EHR Adoption Will Be Slowed Significantly by HITECH

I recently posted what I think is a relatively reasonable timeline for EHR adoption. It’s very broad, but I think that most doctors could use it as a reasonable estimate of how long it will take to implement an EHR or EMR in their clinic.

Of course, the above EHR implementation timeline doesn’t start until a doctor or clinic makes the decision to actually implement an EHR in their clinic. Unfortunately, I’m afraid that HITECH is going to dramatically delay many doctor’s decision to implement an EHR.

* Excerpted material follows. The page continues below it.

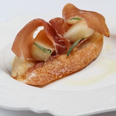 Чикетти с уткой магре, страчателлой, эстрагоном и инжиром

The HITECH act just gave doctors who were on the fence about implementing an EMR will now have a bunch of great excuses why they should wait longer to implement an EMR:

  • We need to know what certification criteria is chosen by HHS
  • How will HHS define meaningful use? Will we even be able to show that?
  • Will our preferred EHR be able to satisfy the HITECH act reporting requirements?
  • Let’s wait to see what open source EHR HHS gives away

I’m sure there are other reasons. While I’d usually say that these were just excuses for people who don’t want to use an EHR, I actually think this is probably the best plan for those looking to implement an EHR. I don’t think I’d be signing any contracts with a vendor right now. Unless I didn’t care about getting the EHR stimulus (which might actually be a good line of thinking).

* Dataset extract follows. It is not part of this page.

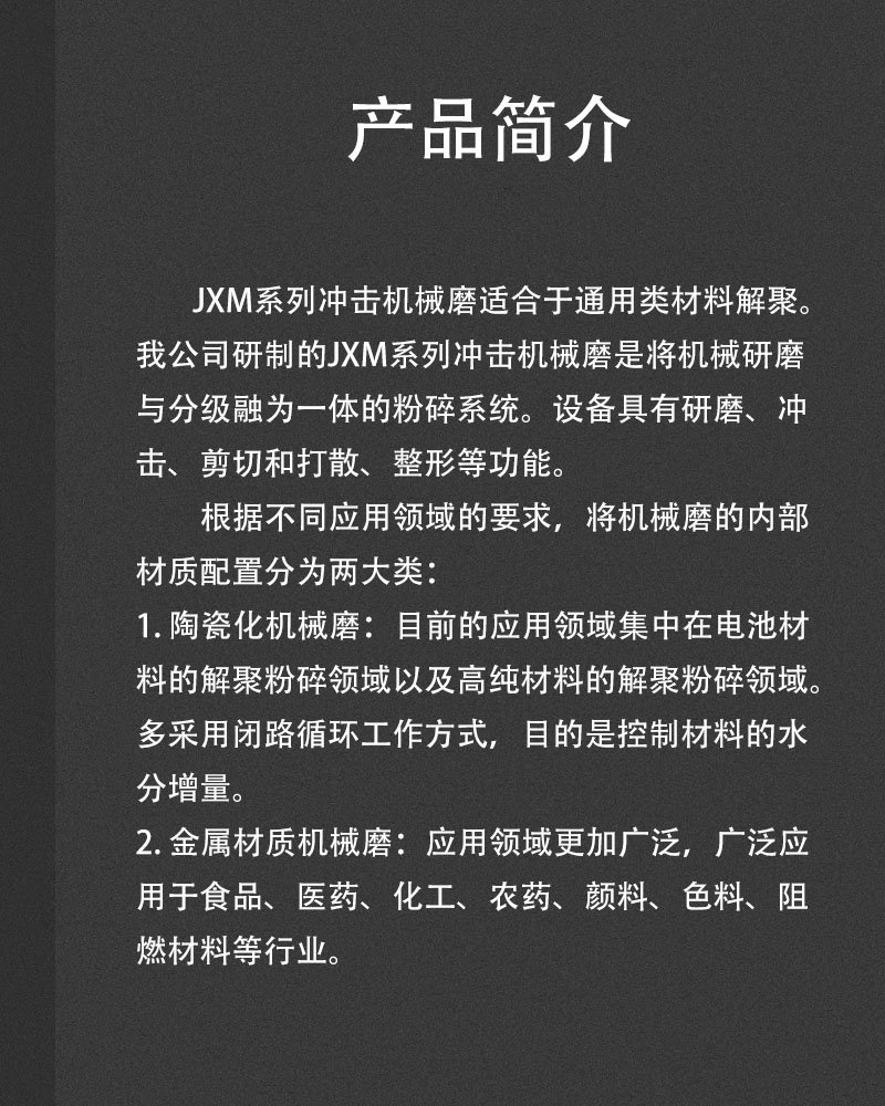 JXM系列冲击机械磨适合于通用类材料解聚。

What shouldn’t be delayed is the evaluation of the various EHR on the market today. In fact, I highly suggest this evaluation takes place before HHS defines the above items. EHR stimulus money should not be a major factor in your EHR selection process, but instead should be an added side benefit or a tie breaker for 2 equally great EHR companies.

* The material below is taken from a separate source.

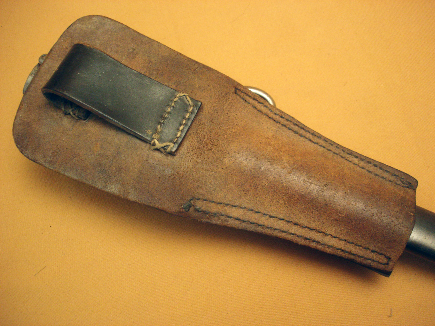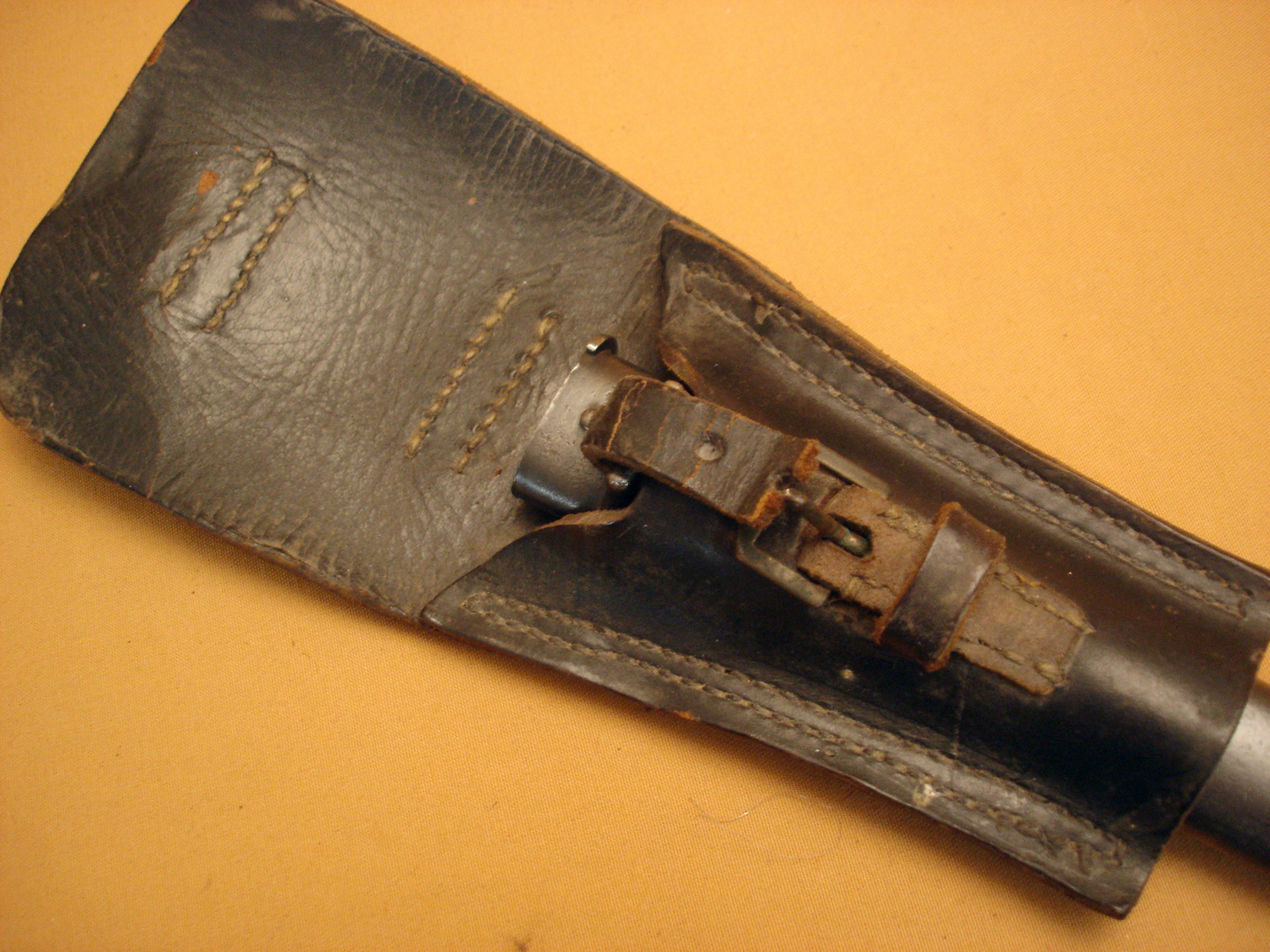 Baïonnette Berthier 1892, 1er type avec gravure d'arsenal, très belle lame gravée "Manufacture d'Armes de Châtellerault 7 bre 1893", poinçons au niveau du talon, plaquettes en ébonite, avec son fourreau bronzé (numéro différent) et son porte baïonnette en cuir noir.

Certainly some will argue that some doctors will be motivated by the HITECH act to implement an EHR quickly in order to receive the EHR stimulus that begins in 2011. Doctors who can’t show meaningful EHR use by 2011 could possibly miss out on the medicaid and medicare bonuses. I just honestly don’t think that most doctors will care that much about it.

Those who would have been proactive in implementing an EHR because of this already have an EHR and are just licking their chops at the idea that they might get some extra money from government for little additional work. I don’t see many of those who haven’t implemented an EHR being that motivated by a few thousand possible government dollars.

About the author

John Lynn

John Lynn

John Lynn is the Founder of the HealthcareScene.com, a network of leading Healthcare IT resources. The flagship blog, Healthcare IT Today, contains over 13,000 articles with over half of the articles written by John. These EMR and Healthcare IT related articles have been viewed over 20 million times.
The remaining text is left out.